How we should love others? Don’t strut and puff in pride but be willing to step back and step out and serve others in humility. Paul didn’t just talk about this. He demonstrated it in his work among the Corinthians. Listen to some of his statements to them:
- 1 Corinthians 2 3 I was with you in weakness, in fear, and in much trembling. 4 And my speech and my preaching were not with persuasive words of human wisdom, but in demonstration of the Spirit and of power, 5 that your faith should not be in the wisdom of men but in the power of God.
- 1 Corinthians 9 9 For though I am free from all men, I have made myself a servant to all, that I might win the more; 20 and to the Jews I became as a Jew, that I might win Jews; to those who are under the law, as under the law, that I might win those who are under the law; 21 to those who are without law, as without law (not being without law toward God, but under law toward Christ), that I might win those who are without law; 22 to the weak I became as weak, that I might win the weak. I have become all things to all men, that I might by all means save some.

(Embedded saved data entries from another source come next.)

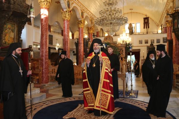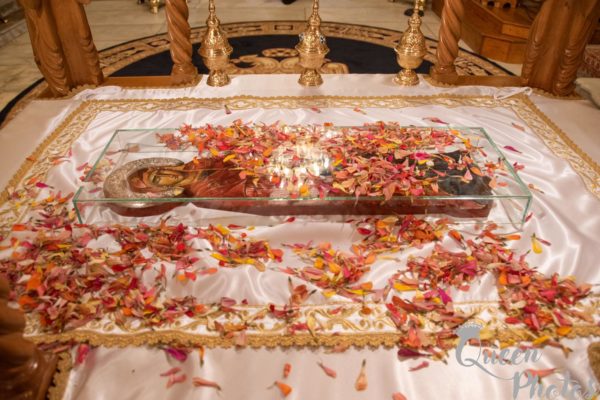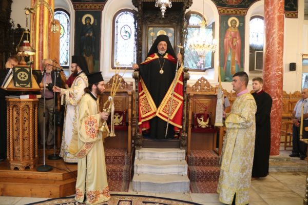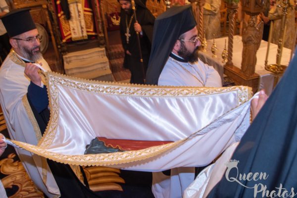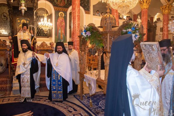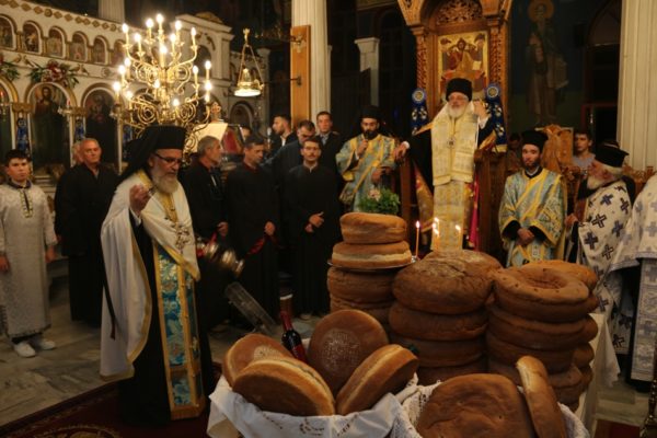 Κατά την τάξη εψάλησαν ενώπιον του ιερού Κουβουκλίου και του Επιταφίου της Παναγίας τα Εγκώμια και εν συνεχεία ο Σεβασμιώτατος ευλόγησε τους άρτους, παρουσία πολυπληθούς εκκλησιάσματος.
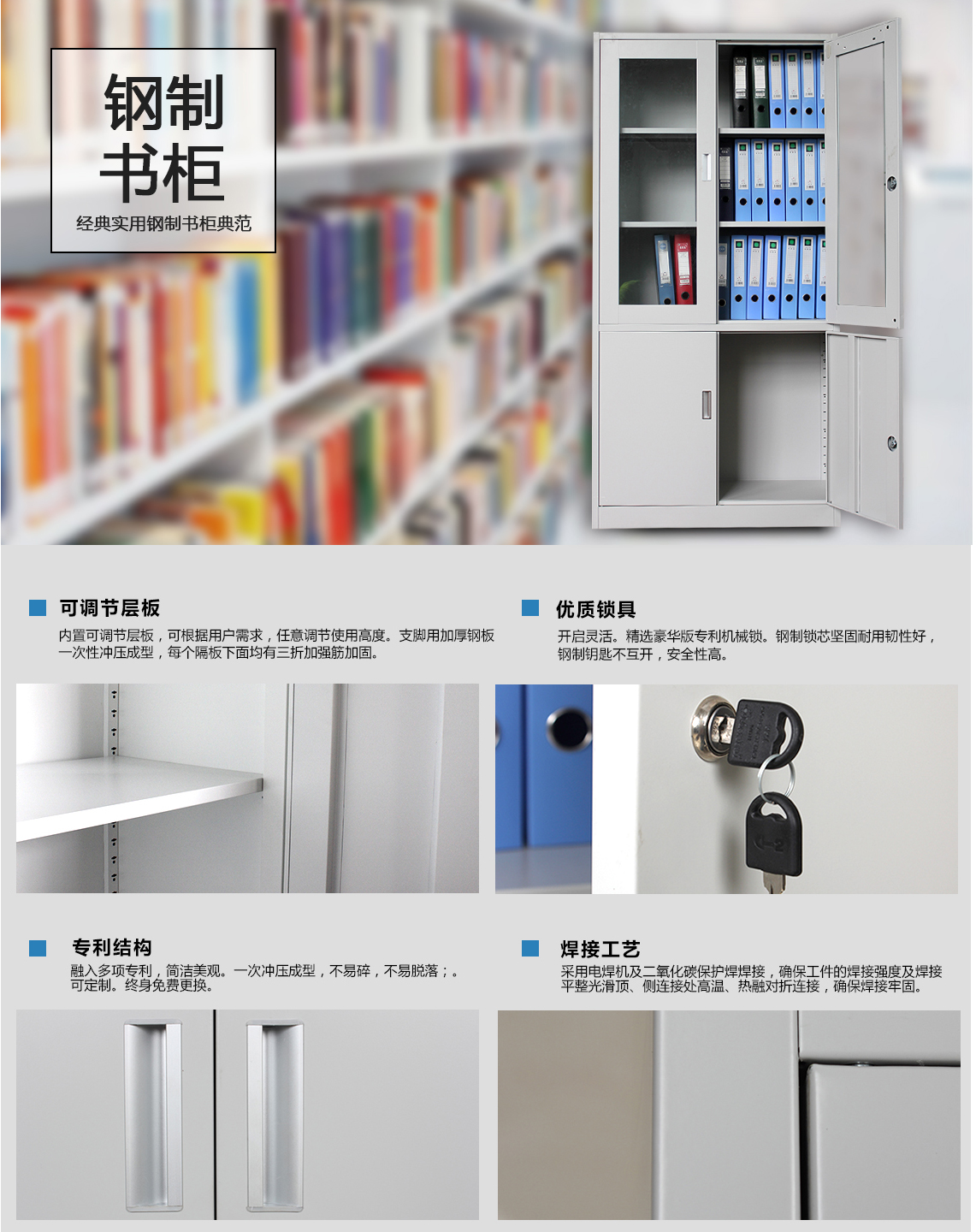 鋼制書柜經典實用鋼制書柜典范可調節層扳內置可讕節層板,可根據用戶需求,任意節使用高度。支腳加厚鋼板一次性沖壓成型,麗個隔板下面均有三折加強箭加固。專利結構斜入多項專利,簡潔美一次沖壓成型,不易碎,不易脫落,可定制。終身免更換。優質鎖具開靈活。精選豪華版專利機械鎖。鋼制鎖芯堅固耐韌性好,鋼制鑰匙不互開,安全性高。焊接工藝采用電埠機及二氧化碳保護悍接,確保工件的焊接強度及接平整光滑頂、側連接處高溫、熱對扌斤連接,確保接牢固。
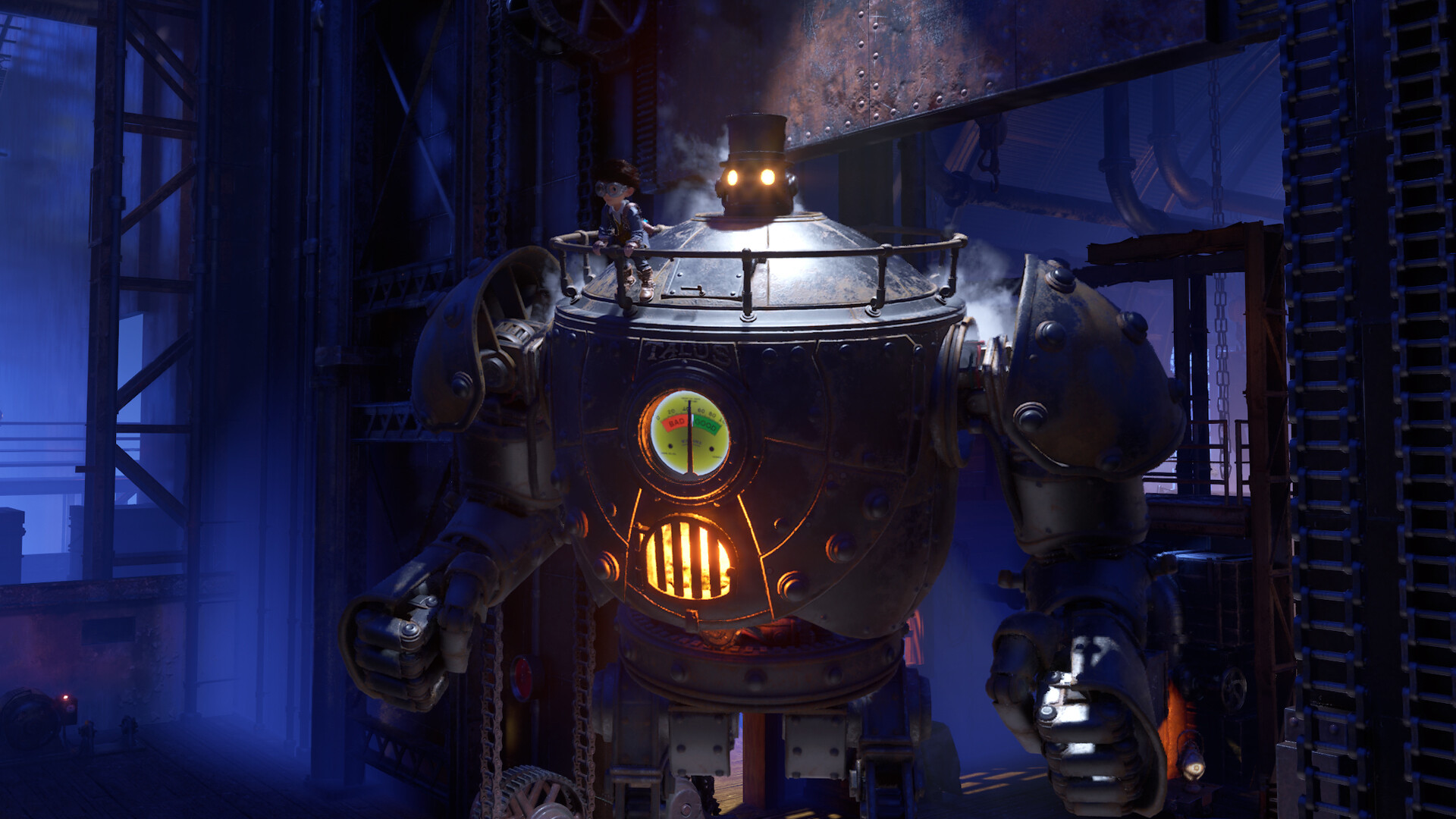 Tu familia ha sido capturada, y los Seres Desdichados han dejado claro que nadie saldrá con vida. Solo queda Talus, un robot gigante a vapor con sombrero de copa, y un pequeño ejército de células de energía de autómatas llamadas Embots. Montar sobre su hombro o dentro de su pecho hueco ofrece un lugar seguro donde esconderse, y sus poderosos brazos ofrecen una venganza aplastante contra aquellos que tanto os han arrebatado. Corretea por los pasillos, hangares y fábricas, reuniendo células de energía, carbón y agua para tu compañero, y luego guíalo a un lugar seguro; sois la última esperanza del otro.
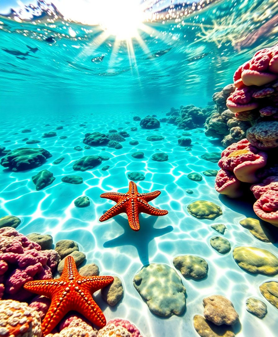 Ultimately, step back and admire your finished tropical masterpiece. The sunlit waters and realistic starfish create a captivating focal point. Your completed artwork becomes a window to peaceful ocean depths that soothes and inspires.

Can you hear the servant humility of Paul towards the Corinthians?
How do you see those around you? Do you see them the way Christ sees you? Are you willing to serve them the way Paul served the Corinthians? Sometimes people say, “I’m just an extrovert. I can’t help it.” It’s one thing to be outgoing and it’s another thing to talk only of self. Sometimes people say, “I’m just an introvert. I can’t help it.” It’s one thing to be a quiet personality and it’s quite another to have an air of superiority that says, “If you want to talk to me, you make the effort to come to me.” In a marriage, if one person is always getting his/her way, that’s pride. In a marriage, if one person is always pulling back and making the other reach out to them, that’s also pride.
Here’s a totally different question: How do you see those who are proud? Are you willing to serve even those who strut around or strut around sitting down? I mentioned 2 different incidents, one about the man who only talked about himself and the other about the girl who sat in her pride and refused to talk with others. Guess who had a greater pride? Me. Because I sat back and judged both of them. Listen to Dietrich Bonhoeffer in his book “Life
Together” – “He who is bearing others knows that he himself is being borne, and only in this strength can he go on bearing.”
Are you willing to serve others? Are you saved?